As you can see, the 16 and 32 epoch miss the two star rating entirely, though aside(!) from that the fit isn’t bad:

Looking at this, I’d say that 2-4 epochs seem to work well, and when I take out the explicit epoch, run_clm determines the epochs should be 3:

[INFO|] 2021-07-31 06:31:02,447 >> ***** Running training *****
[INFO|] 2021-07-31 06:31:02,447 >>   Num examples = 1649
[INFO|] 2021-07-31 06:31:02,448 >>   Num Epochs = 3
[INFO|] 2021-07-31 06:31:02,448 >>   Instantaneous batch size per device = 1
[INFO|] 2021-07-31 06:31:02,449 >>   Total train batch size (w. parallel, distributed & accumulation) = 1
[INFO|] 2021-07-31 06:31:02,449 >>   Gradient Accumulation steps = 1
[INFO|] 2021-07-31 06:31:02,449 >>   Total optimization steps = 4947
{'loss': 0.1737, 'learning_rate': 4.494643218111988e-05, 'epoch': 0.3}

I’m going to try an ensemble of these 3-epoch models to see what that looks like

Phil 7.30.21

Pointer Value Retrieval: A new benchmark for understanding the limits of neural network generalization

  • The successes of deep learning critically rely on the ability of neural networks to output meaningful predictions on unseen data — generalization. Yet despite its criticality, there remain fundamental open questions on how neural networks generalize. How much do neural networks rely on memorization — seeing highly similar training examples — and how much are they capable of human-intelligence styled reasoning — identifying abstract rules underlying the data? In this paper we introduce a novel benchmark, Pointer Value Retrieval (PVR) tasks, that explore the limits of neural network generalization. While PVR tasks can consist of visual as well as symbolic inputs, each with varying levels of difficulty, they all have a simple underlying rule. One part of the PVR task input acts as a pointer, giving the location of a different part of the input, which forms the value (and output). We demonstrate that this task structure provides a rich testbed for understanding generalization, with our empirical study showing large variations in neural network performance based on dataset size, task complexity and model architecture. The interaction of position, values and the pointer rule also allow the development of nuanced tests of generalization, by introducing distribution shift and increasing functional complexity. These reveal both subtle failures and surprising successes, suggesting many promising directions of exploration on this benchmark.
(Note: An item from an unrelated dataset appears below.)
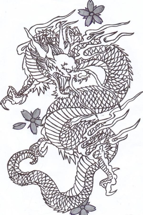 龙纹身手稿_一组老传统黑灰龙手稿纹身图案

Pre-train, Prompt, and Predict: A Systematic Survey of Prompting Methods in Natural Language Processing

  • This paper surveys and organizes research works in a new paradigm in natural language processing, which we dub “prompt-based learning”. Unlike traditional supervised learning, which trains a model to take in an input x and predict an output y as P(y|x), prompt-based learning is based on language models that model the probability of text directly. To use these models to perform prediction tasks, the original input x is modified using a template into a textual string prompt x’ that has some unfilled slots, and then the language model is used to probabilistically fill the unfilled information to obtain a final string x, from which the final output y can be derived. This framework is powerful and attractive for a number of reasons: it allows the language model to be pre-trained on massive amounts of raw text, and by defining a new prompting function the model is able to perform few-shot or even zero-shot learning, adapting to new scenarios with few or no labeled data. In this paper we introduce the basics of this promising paradigm, describe a unified set of mathematical notations that can cover a wide variety of existing work, and organize existing work along several dimensions, e.g.the choice of pre-trained models, prompts, and tuning strategies. To make the field more accessible to interested beginners, we not only make a systematic review of existing works and a highly structured typology of prompt-based concepts, but also release other resources, e.g., a website this http URL including constantly-updated survey, and paperlist.

GPT Agents

  • This looks interesting for paragraph clustering: Sentence Transformers in the Hugging Face Hub
    • Sentence Transformers is a framework for sentence, paragraph and image embeddings. This allows to derive semantically meaningful embeddings (1) which is useful for applications such as semantic search or multi-lingual zero shot classification. As part of Sentence Transformers v2 release, there are a lot of cool new features:
      • Sharing your models in the Hub easily.
      • Widgets and Inference API for sentence embeddings and sentence similarity.
      • Better sentence-embeddings models available (benchmark and models in the Hub).
  • Finished the 6k epoch tests yesterday. Maybe finish creating models for 100k today?


  • Abstract! Done!
  • See how Rukan is doing. Tell him about cubes and other shapes – done. Looks good


  • Meeting with Michelle at 2:00. Worked on the positioning statement. It’s almost ready to go to an agent!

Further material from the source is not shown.